Некоторых монстров как не изводи в одной серии, в следующей им всё равно суждено воскреснуть; видать, на то и сериал. Такова логика Голливуда, потому и Саддама до конца не уконтрапупят. Опять же, сами навязчивые киномонстры не знакомы с чеховской максимой, что, мол, интеллигентный человек знает не только когда прийти, но и когда уйти. Желательно, не прощаясь.

Вот и не прекращается краснознаменный ремейк старой легенды о Тролле и его Зеркале, то ли по многочисленным просьбам постоянных зрителей и участников, то ли как раз вопреки им, болезным. Сейчас, тем более, идёт ударное продолжение этой «санта-барбары» — история о Рыцаре, изведшем гнусного Дракона-Тролля, удачно приуроченная к закату века — редко какой сериал длится так долго.

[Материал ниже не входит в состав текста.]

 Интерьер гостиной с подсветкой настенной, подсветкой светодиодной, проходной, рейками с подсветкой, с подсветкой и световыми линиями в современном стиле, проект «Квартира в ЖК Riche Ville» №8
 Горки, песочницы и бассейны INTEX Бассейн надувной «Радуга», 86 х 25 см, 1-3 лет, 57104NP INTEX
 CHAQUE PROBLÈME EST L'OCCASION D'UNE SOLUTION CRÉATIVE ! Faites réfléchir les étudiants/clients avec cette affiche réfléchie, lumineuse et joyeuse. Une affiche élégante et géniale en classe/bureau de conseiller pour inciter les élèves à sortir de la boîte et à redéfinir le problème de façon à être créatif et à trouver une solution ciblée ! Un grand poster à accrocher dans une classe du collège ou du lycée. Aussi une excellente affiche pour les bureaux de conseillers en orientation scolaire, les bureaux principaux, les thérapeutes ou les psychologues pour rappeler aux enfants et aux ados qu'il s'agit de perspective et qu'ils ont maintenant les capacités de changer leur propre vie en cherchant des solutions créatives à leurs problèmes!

Сумерки тех, кому трудно быть богом, характерны одним специфическим заклинанием, призванным превратить желаемое в действительное. Вольно, конечно, шептать, что «рок-н-ролл мертв, а я еще нет», но как-то в эти аутотренинговые признания с трудом верится. Слишком уж напоминает пресловутое «Ленин и теперь живее всех живых»; что ж, во всяком случае, покойничек выглядит получше многих живых россиян. Симулянт в искусстве, как всегда ожесточенно демонстрирует собственное здоровье. Никто не хочет умирать, но и не все должны жить, особенно в такой прекрасный для смерти день…

Культура — такой странный феномен, которому для произрастания нужно, чтобы «всё было и чего-то не хватало». Ей необходима определенная несвобода, чтобы было с чем бороться, как Зеркалу необходимы объект и рама. Избыток свободы превращает одно общественное существо в другое, человека — в свинью. Впрочем, и это даже не странно, недостаток свободы этому тоже немало способствует: кипит возмущенный разум, давление нарастает и — всё поехала крыша. На самом же деле, думается, что количество свободы всегда константа, и если где-нибудь её станет больше, то в другом месте, будьте уверенны, поубавилось. Но оставим лирику.

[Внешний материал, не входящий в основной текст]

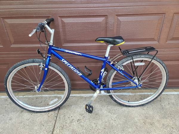 Specialized Hard Rock 21 Speed Hybrid Mountain Bike 15 Inch Bicycle. 26 Inch Weinmann 519 Aluminum Rims. Blackburn Trail Rack. Cro-Mo Tubing. Clean and Ready to Ride. See Pictures.
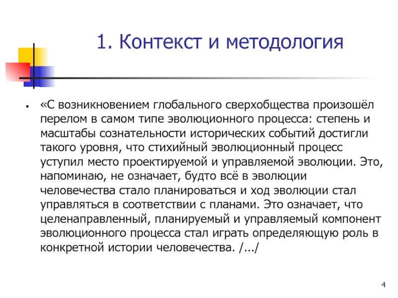типе эволюционного процесса: степень и масштабы сознательности исторических событий достигли такого уровня, что стихийный эволюционный процесс уступил место проектируемой и управляемой эволюции. Это, напоминаю, не означает, будто всё в эволюции человечества стало планироваться и ход эволюции стал управляться в соответствии с планами. Это означает, что целенаправленный, планируемый и управляемый компонент эволюционного процесса стал играть определяющую роль в конкретной истории человечества. /.../
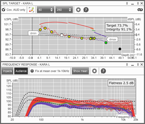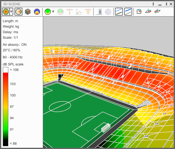 スピーカー配置やカバレッジゾーンを含む詳細な会場モデルにより、関係者が空間的な影響を視覚的に把握できます。 - 高解像度データ表示
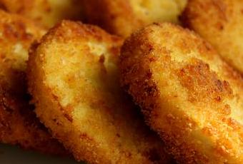 Pour la panure, préparez trois assiettes creuses remplies respectivement et dans l'ordre de : farine, oeufs battus et chapelure. Trempez chaque rondelle de poulet successivement dans ces trois assiettes et mettez à frire dans une friteuse ou une poêle avec une bonne hauteur d'huile chaude. Epongez les nuggets sur du papier absorbant.Servez bien chauds.

Совковая культура — целиком и полностью результат того процесса, который начался с установлением «железного занавеса». Под тонкой, хотя и ядовитой ряской и мхом официоза, вступая с ними в ожесточенную и безответную борьбу варилась окрошка самых противоречивых — от монархических до демократических, от мистико-антисемитских до рационально-сионистских (желающие могут продолжить перечисление) идей. По сравнению с ухоженным соцреалистическим фасадом — «чудовище обло, стозевно и лаяй», жаждущее вырваться из под глыб. Но всё это высоко в эмпиреях — а в глубине, вдалеке и от завлекательной, на первый взгляд, поверхности болота, и набирающих силу бурлений и вспучиваний — бездны, где если и есть чья-нибудь власть, то только привычной тьмы.

Не будем обольщаться — выбор цвести ли болотной лилией или надуваться болотным же пузырём стоял в лучшем случае перед считанными сотнями из сотен миллионов, остальные занимались банальным выживанием.

Отдавая должное вдохновителям всех побед и поражений, признаем — вивисекция на 1/6 части света прошла на славу. Во-первых, удалось создать совершенно ручную культуру, этакий декоративный, садово-парковый соцреализм, диалектически соединяющий девушек с веслами и мальчиков с горнами с загаженными сортирами и стеклотарой под каждым кустом — пейзаж в рамке из колючей проволоки. Во-вторых, теми же самыми усилиями в том же самом коллективе вырастить себе непримиримого антагониста-могильщика. Только не надо захлебываться от восторга, расписывая Св. Георгия, побеждающего отвратного Дракона или светловолосого гиганта, выжигающего факелом Истины омерзительных уродцев, уползающих окарачь. Не верю-с!!! Хищник уничтожается хищником, один гад одолевает другого, и в отличие от соцреализма, где лучшее борется с хорошим, в повседневной же российской действительности плохое борется с еще худшим. Да вон и Дракон жив-здоров, и уродцы чаи с вареньем гоняют: к услугам господ неверующих все российские телеканалы.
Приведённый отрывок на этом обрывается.